Мирон Моисеевич, наш классный руководитель, принёс в класс списки районов, где имеется вакансия фельдшеров и акушерок. Мы три бывшие одноклассницы и однокурсницы: Лашкина Фая, Седова Женя — это я и Мартынова Настя, с которой мы жили на одной квартире, спали на одной кровати и питались вместе, решили не расставаться. Фая и Тая Репина( наша отличница и бригадир), снимали квартиру в соседнем доме. К экзаменам готовились все вместе вчетвером у нас на квартире. Тая, в числе отличников, поехала учиться в институт, а мы — на работу в один район. Три места, для нашей группы, было только в Камышлинском районе Куйбышевской (ныне Самарской) области. Место не лучшее — расположено далеко от железной дороги, но решили ехать.
Получили диплом, направление на работу, подъёмные деньги четыреста с лишним рублей и, дипломированными специалистами, поехали домой отдыхать последние каникулы или первый отпуск перед работой.
Во время отпуска готовились к отъезду. Мне пошили два комплекта постельного белья, наволочку на матрац, а сам матрац купить не смогли. Наш знакомый привёз мне из Куйбышева (ныне Самара) чемодан с чехлом, байковое одеяло, а матрац даже в Куйбышеве, областном городе, не купил, так и поехала с наволочкой без матраца. Купила сумку для того, чтобы обслуживать вызовы.
Чтобы успеть добраться, приехать первыми (выбрать лучшее место), решить квартирный вопрос и без опозданий первого августа выйти на работу, решили выехать загодя.
В хлопотах отпуск пролетел быстро. Наступил день отъезда. Мама с раннего утра начала стряпать мне «подорожники» печенье, плюшки, сдобные домашние лепёшки на сметане, пирожки. В детстве всем нравятся сладости. Особенно мы любили её пироги с карамелью подушечки с фруктово- ягодной начинкой. Они сладкие, ароматные и не текут, как с повидлом.

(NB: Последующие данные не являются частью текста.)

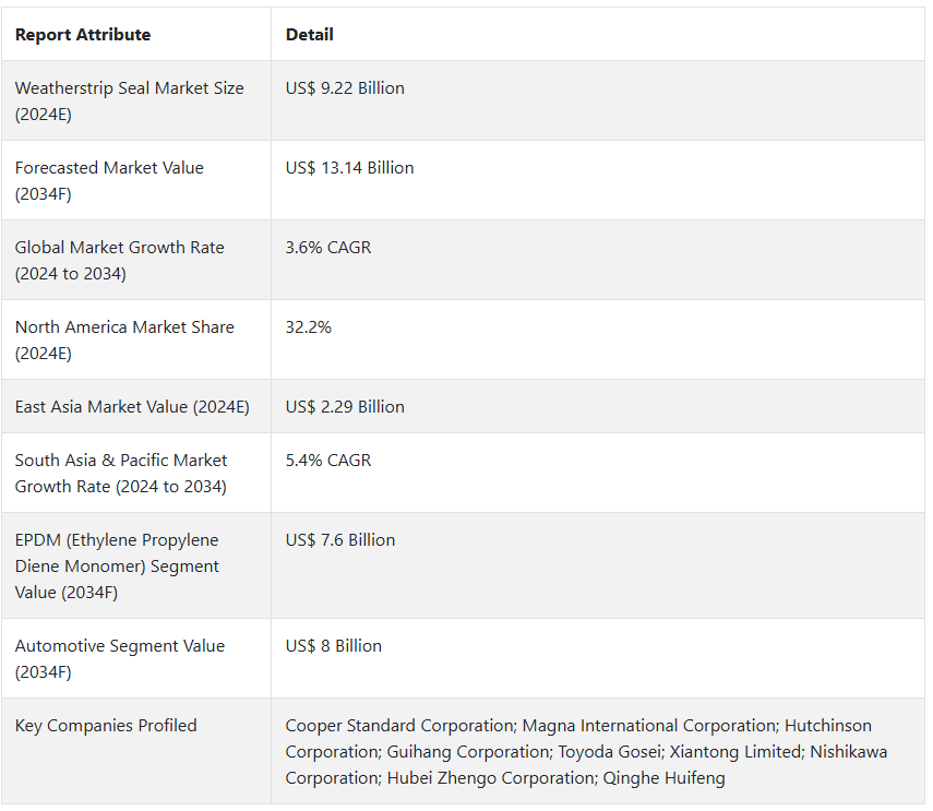 웨더스트립 실 시장 전망 (2024년에서 2034년)

Чемодан сложен. В сумку сложили всё необходимое в дороге: еда, полотенце, косметический набор, небольшую книгу для чтения. Сели, по обычаю перед дорогой, посидели. Все всплакнули: Я плачу о том, что уезжаю из дома далеко и надолго, а ещё — в данный момент нет с нами папы. Он так мечтал, чтобы я была медиком. Не суждено ему было увидеть меня в белом халате.
Через три недели после моего поступления в фельдшерскую школу папа скоропостижно скончался от инсульта. Мама осталась не одна, у нас жили две мамины племянницы сироты от её старшей сестры. Отец у них погиб под Сталинградом, а мать умерла от перитонита 31.12.1945 года. Старшей было пятнадцать лет, а младшей пять. Мама с папой их забрали к себе.

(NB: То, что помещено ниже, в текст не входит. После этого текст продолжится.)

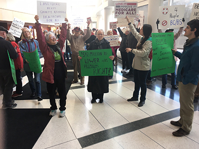 The group then went to Blue Cross/Blue Shield headquarters with a letter asking for Blue Cross CEO Michael Guyette to publicly commit to lowering premiums and selling individual insurance products statewide.

Мама плачет о том, что провожает далеко и надолго свою несовершеннолетнюю дочь. Из Сызрани я приезжала почти каждый выходной, и мы не расставались с ней две ночи и воскресенье целый день.
Всё. Долгие проводы — больше слёз. Встали. Сёстры взяли чемодан, я сумку и пошли к поезду. На нашей станции предварительной продажи билетов нет, только за час до прибытия поезда. Пришли, расположились на деревянном диване на перроне. Вскоре пришли Фая и Настя с провожающими. Объявили — поезд вышел с соседней станции. Мы пошли за билетами. Поезд скорый Москва — Челябинск. Билеты в купейном вагоне дорогие, да нам и не нужно, ехать всего двенадцать часов, плацкартных нет, чтобы в один вагон, взяли три билета в общий вагон до станции Похвистнево.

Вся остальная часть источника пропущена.